The problem is, you can’t be great all the time.

Nor can you be great at everything. In fact, if you find yourself “Great” at anything, count yourself blessed.

Most will never experience greatness. For those that do, greatness will be but a flash, a moment, or a series of moments, and then it will be gone.

It is a rare few who maintain greatness for any extended period of time.

Great is relative.

Great is personal.

Great is the destination. It’s the pot of gold at the end of the rainbow.

Good is the journey. 

What do those who maintain greatness know that the rest of us do not? 

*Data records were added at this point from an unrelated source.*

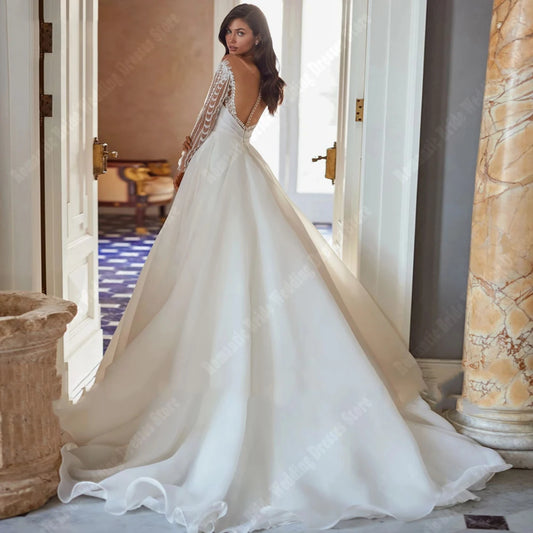 Princess Elegant Wedding Dresses For Woman Applique Long Sleeve Sexy V Neck Backless Satin 2024 Bride Gowns Vestidos Para Mujer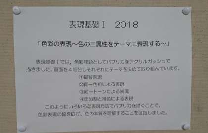 1年生専門科目「表現基礎1」の課題 「色彩の表現〜色の三属性をテーマに表現する」の作品をオープンギャラリーに展示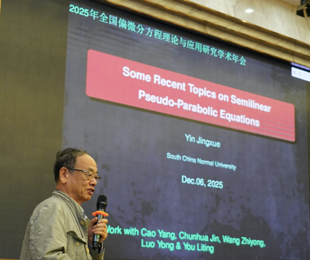 华南师范大学尹景学教授汇报了《半线性伪抛物方程的一些近期进展》。报告研究一类具有非线性源项的半线性伪抛物方程。该方程可视为热方程的伪抛物正则化形式。

They raise their “Good” every day. 

Here are three reasons why “Good” and not “Great” should be your goal:
 

1) Compound Nature of Good

Good is not the enemy of great. Good is the bedrock upon which great is built.

This isn’t to say you should be content with “Good,” but rather, as marathon world record holder, Eliud Kipchoge shares, have an “unwavering dedication to being good enough.”

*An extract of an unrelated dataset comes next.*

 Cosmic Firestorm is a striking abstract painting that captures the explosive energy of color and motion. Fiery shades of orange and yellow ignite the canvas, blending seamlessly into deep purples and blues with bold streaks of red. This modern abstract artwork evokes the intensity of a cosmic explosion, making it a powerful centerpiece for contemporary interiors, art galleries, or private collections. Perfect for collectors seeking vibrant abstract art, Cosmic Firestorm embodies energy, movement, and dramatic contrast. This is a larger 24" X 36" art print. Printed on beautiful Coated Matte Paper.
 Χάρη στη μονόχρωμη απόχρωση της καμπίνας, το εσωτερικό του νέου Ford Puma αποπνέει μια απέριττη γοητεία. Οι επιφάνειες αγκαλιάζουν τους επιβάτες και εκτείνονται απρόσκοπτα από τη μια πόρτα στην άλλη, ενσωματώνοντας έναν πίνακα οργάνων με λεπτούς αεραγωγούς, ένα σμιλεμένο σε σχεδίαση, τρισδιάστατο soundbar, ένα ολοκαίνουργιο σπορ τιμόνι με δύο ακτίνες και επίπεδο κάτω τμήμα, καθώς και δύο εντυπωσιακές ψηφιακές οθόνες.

He doesn’t overextend himself trying to be great every day, in every training.

In a New York Times interview, Eliud shares that he rarely pushes himself past 80 percent of his maximum effort during workouts. This allows him to train week after week with a “relaxed mind,” consistently pushing further what his 80 percent effort can deliver.

A 20 percent effort from Eliud in a marathon might be great to most people. However, he got there not by constantly shooting for great, but by consistently raising his good.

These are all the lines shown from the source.